= ABOUT THIS EXERCISE =
Please output the entries that follow exactly, without a single image.

= Items listed in a dataset =
□ □ □
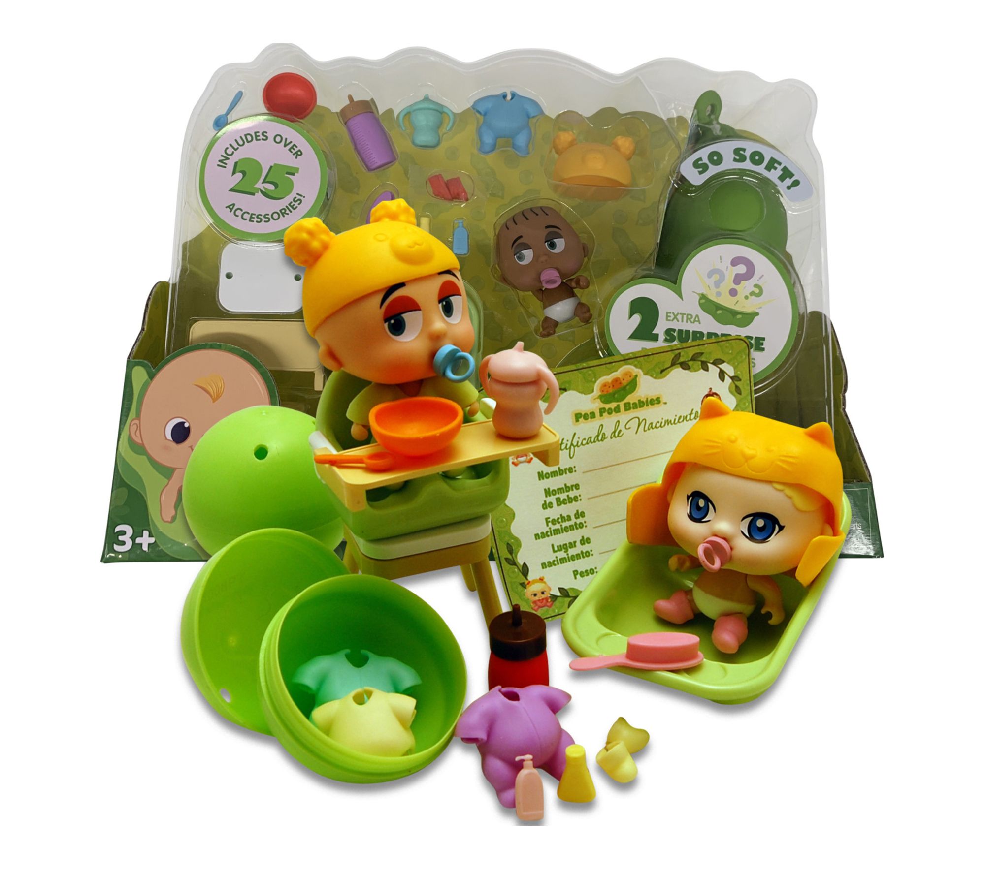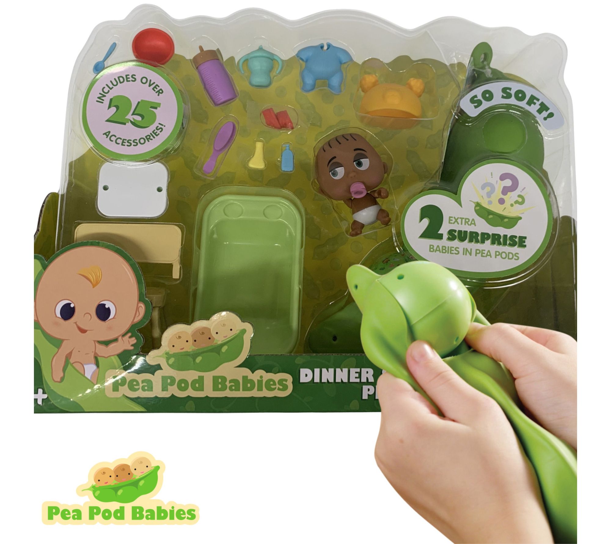 Little ones can embark on imaginative adventures with this 27-piece playset, designed to bring the magical world of Pea Pod Babies to life during dinner and bath time. Children uncover surprise dolls, mix and match accessories, dress their new friends, and create heartwarming stories from mealtime to bedtime. From Pea Pod Babies.
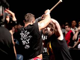 «No lo recuerdo. Tan fácil como eso. Soy honesto contigo. La idea concreta no sé cómo surgió pero sé que Mick Foley tuvo algo que ver con ella. Recuerdo que en uno de nuestros primeros encuentros me dejó que le escupiera en la cara, igual que Harley Race… recuerdo que me tenía que lanzar un puñetazo y yo me iba a apartar. No me importa la edad que tuviera pero yo no me iba a dejar noquear por él en la televisión en directo para todo el país. Pensando a la manera antigua, ‘Old School’, el respeto por todos ellos estaba ahí por el amor que sentían por mi padre. Sabían que yo era su hijo y me ayudaban haciendo todo tipo de cosas por mi.
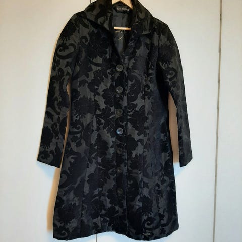 Myydään Desigualin hyväkuntoinen ja siisti takki (täysin puhdas – käytetty juuri pesulassa). Istuva ja ryhdikäs malli (nappirivi vasemmalla), mutta pienehkö kokoisekseen (kai-kai -mitta n. 48 cm). Edessä kaksi piilotaskua.
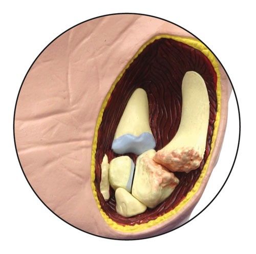 También se pueden ver el resto de estructuras indirectamente afectadas por la artrosis como ligamentos, tendones, músculos y cartílagos. El artículo incluye una base de sujeción y exposición, y un guía explicativa en inglés.
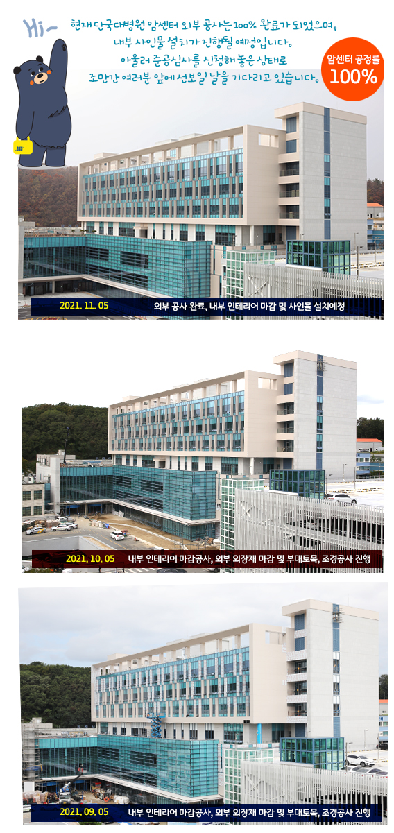 단국대학교병원 암센터 건립 현황(2021. 11. 05 현재) 페이지 정보 작성자 |관리자 작성일 |2021-11-05 00:00 조 회 |4,341회 댓 글 |0건 관련링크 다음글 목록 본문 다음글 목록
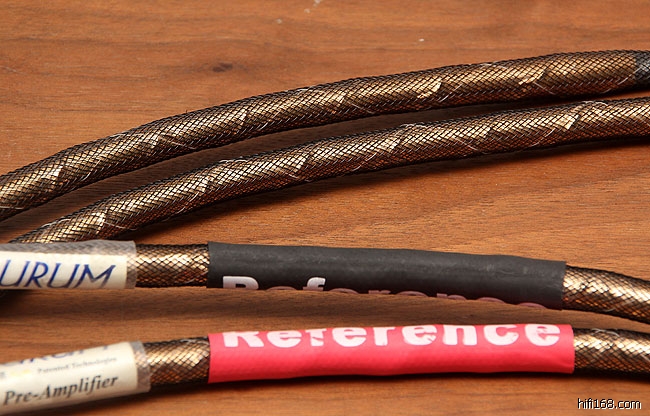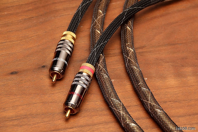 这款是避震梁自主品牌AURUM里面的旗舰信号线,定价7500元,里面采用了避震梁的两项发烧专利:黄金镀膜和藤萝系甲。
□ □ □
= ANSWER =
 Little ones can embark on imaginative adventures with this 27-piece playset, designed to bring the magical world of Pea Pod Babies to life during dinner and bath time. Children uncover surprise dolls, mix and match accessories, dress their new friends, and create heartwarming stories from mealtime to bedtime. From Pea Pod Babies.
 «No lo recuerdo. Tan fácil como eso. Soy honesto contigo. La idea concreta no sé cómo surgió pero sé que Mick Foley tuvo algo que ver con ella. Recuerdo que en uno de nuestros primeros encuentros me dejó que le escupiera en la cara, igual que Harley Race… recuerdo que me tenía que lanzar un puñetazo y yo me iba a apartar. No me importa la edad que tuviera pero yo no me iba a dejar noquear por él en la televisión en directo para todo el país. Pensando a la manera antigua, ‘Old School’, el respeto por todos ellos estaba ahí por el amor que sentían por mi padre. Sabían que yo era su hijo y me ayudaban haciendo todo tipo de cosas por mi.
 Myydään Desigualin hyväkuntoinen ja siisti takki (täysin puhdas – käytetty juuri pesulassa). Istuva ja ryhdikäs malli (nappirivi vasemmalla), mutta pienehkö kokoisekseen (kai-kai -mitta n. 48 cm). Edessä kaksi piilotaskua.
 También se pueden ver el resto de estructuras indirectamente afectadas por la artrosis como ligamentos, tendones, músculos y cartílagos. El artículo incluye una base de sujeción y exposición, y un guía explicativa en inglés.
 단국대학교병원 암센터 건립 현황(2021. 11. 05 현재) 페이지 정보 작성자 |관리자 작성일 |2021-11-05 00:00 조 회 |4,341회 댓 글 |0건 관련링크 다음글 목록 본문 다음글 목록
 这款是避震梁自主品牌AURUM里面的旗舰信号线,定价7500元,里面采用了避震梁的两项发烧专利:黄金镀膜和藤萝系甲。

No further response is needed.